Re: [PATCH 3/6] cpufreq: schedutil: ensure max frequency while running RT/DL tasks
From: Patrick Bellasi
Date: Fri Mar 17 2017 - 07:36:43 EST
On 16-Mar 00:32, Rafael J. Wysocki wrote:
> On Wed, Mar 15, 2017 at 3:40 PM, Patrick Bellasi
> <patrick.bellasi@xxxxxxx> wrote:
> > On 15-Mar 12:52, Rafael J. Wysocki wrote:
> >> On Friday, March 03, 2017 12:38:30 PM Patrick Bellasi wrote:
> >> > On 03-Mar 14:01, Viresh Kumar wrote:
> >> > > On 02-03-17, 15:45, Patrick Bellasi wrote:
> >> > > > diff --git a/kernel/sched/cpufreq_schedutil.c b/kernel/sched/cpufreq_schedutil.c
> >> > > > @@ -293,15 +305,29 @@ static void sugov_update_shared(struct update_util_data *hook, u64 time,
> >> > > > if (curr == sg_policy->thread)
> >> > > > goto done;
> >> > > >
> >> > > > + /*
> >> > > > + * While RT/DL tasks are running we do not want FAIR tasks to
> >> > > > + * overwrite this CPU's flags, still we can update utilization and
> >> > > > + * frequency (if required/possible) to be fair with these tasks.
> >> > > > + */
> >> > > > + rt_mode = task_has_dl_policy(curr) ||
> >> > > > + task_has_rt_policy(curr) ||
> >> > > > + (flags & SCHED_CPUFREQ_RT_DL);
> >> > > > + if (rt_mode)
> >> > > > + sg_cpu->flags |= flags;
> >> > > > + else
> >> > > > + sg_cpu->flags = flags;
> >> > >
> >> > > This looks so hacked up :)
> >> >
> >> > It is... a bit... :)
> >> >
> >> > > Wouldn't it be better to let the scheduler tell us what all kind of tasks it has
> >> > > in the rq of a CPU and pass a mask of flags?
> >> >
> >> > That would definitively report a more consistent view of what's going
> >> > on on each CPU.
> >> >
> >> > > I think it wouldn't be difficult (or time consuming) for the
> >> > > scheduler to know that, but I am not 100% sure.
> >> >
> >> > Main issue perhaps is that cpufreq_update_{util,this_cpu} are
> >> > currently called by the scheduling classes codes and not from the core
> >> > scheduler. However I agree that it should be possible to build up such
> >> > information and make it available to the scheduling classes code.
> >> >
> >> > I'll have a look at that.
> >> >
> >> > > IOW, the flags field in cpufreq_update_util() will represent all tasks in the
> >> > > rq, instead of just the task that is getting enqueued/dequeued..
> >> > >
> >> > > And obviously we need to get some utilization numbers for the RT and DL tasks
> >> > > going forward, switching to max isn't going to work for ever :)
> >> >
> >> > Regarding this last point, there are WIP patches Juri is working on to
> >> > feed DL demands to schedutil, his presentation at last ELC partially
> >> > covers these developments:
> >> > https://www.youtube.com/watch?v=wzrcWNIneWY&index=37&list=PLbzoR-pLrL6pSlkQDW7RpnNLuxPq6WVUR
> >> >
> >> > Instead, RT tasks are currently covered by an rt_avg metric which we
> >> > already know is not fitting for most purposes.

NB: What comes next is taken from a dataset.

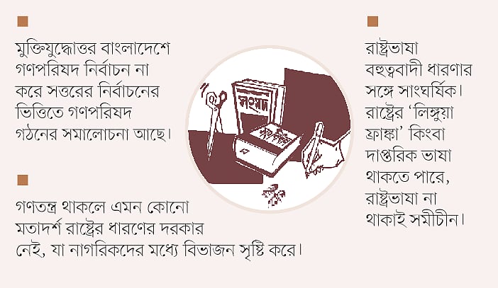 ■ মুক্তিযুদ্ধোত্তর বাংলাদেশে গণপরিষদ নির্বাচন না করে সত্তরের নির্বাচনের ভিত্তিতে গণপরিষদ গঠনের সমালোচনা আছে। ■ গণতন্ত্র থাকলে এমন কোনো মতাদর্শ রাষ্ট্রের ধারণের দরকার নেই, যা নাগরিকদের মধ্যে বিভাজন সৃষ্টি করে। ■ রাষ্ট্রভাষা বহুত্ববাদী ধারণার সঙ্গে সাংঘর্ষিক। রাষ্ট্রের ‘লিঙ্গুয়া ফ্রাঙ্কা’ কিংবা দাপ্তরিক ভাষা থাকতে পারে, রাষ্ট্রভাষা না থাকাই সমীচীন।

> >> > It seems that the main goal is twofold: move people to DL whenever
> >> > possible otherwise live with the go-to-max policy which is the only
> >> > sensible solution to satisfy the RT's class main goal, i.e. latency
> >> > reduction.
> >> >
> >> > Of course such a go-to-max policy for all RT tasks we already know
> >> > that is going to destroy energy on many different mobile scenarios.
> >> >
> >> > As a possible mitigation for that, while still being compliant with
> >> > the main RT's class goal, we recently posted the SchedTune v3
> >> > proposal:
> >> > https://lkml.org/lkml/2017/2/28/355
> >> >
> >> > In that proposal, the simple usage of CGroups and the new capacity_max
> >> > attribute of the (existing) CPU controller should allow to define what
> >> > is the "max" value which is just enough to match the latency
> >> > constraints of a mobile application without sacrificing too much
> >> > energy.
> >
> > Given the following interesting question, let's add Thomas Gleixner to
> > the discussion, which can be interested in sharing his viewpoint.
> >
> >> And who's going to figure out what "max" value is most suitable? And how?
> >
> > That's usually up to the system profiling which is part of the
> > platform optimizations and tunings.
> > For example it's possible to run experiments to measure the bandwidth
> > and (completion) latency requirements from the RT workloads.
> >
> > It's something which people developing embedded/mobile systems are
> > quite aware of.
>
> Well, I was expecting an answer like this to be honest and let me say
> that it is not too convincing from my perspective.
>
> At least throwing embedded and mobile into one bag seems to be a
> stretch, because the usage patterns of those two groups are quite
> different, even though they may be similar from the hardware POV.
>
> Mobile are mostly used as general-purpose computers nowadays (and I
> guess we're essentially talking about anything running Android, not
> just phones, aren't we?) with applications installed by users rather
> than by system integrators, so I'm doubtful about the viability of the
> "system integrators should take care of it" assumption in this
> particular case.
I would say that it's a stretch also to consider Android systems just
like "general purpose computers".
Main difference with respect to desktop/laptop is that Android (or
ChromeOS) is a quite "complex" run-time sitting in between the Linux
kernel and the "general purpose" applications.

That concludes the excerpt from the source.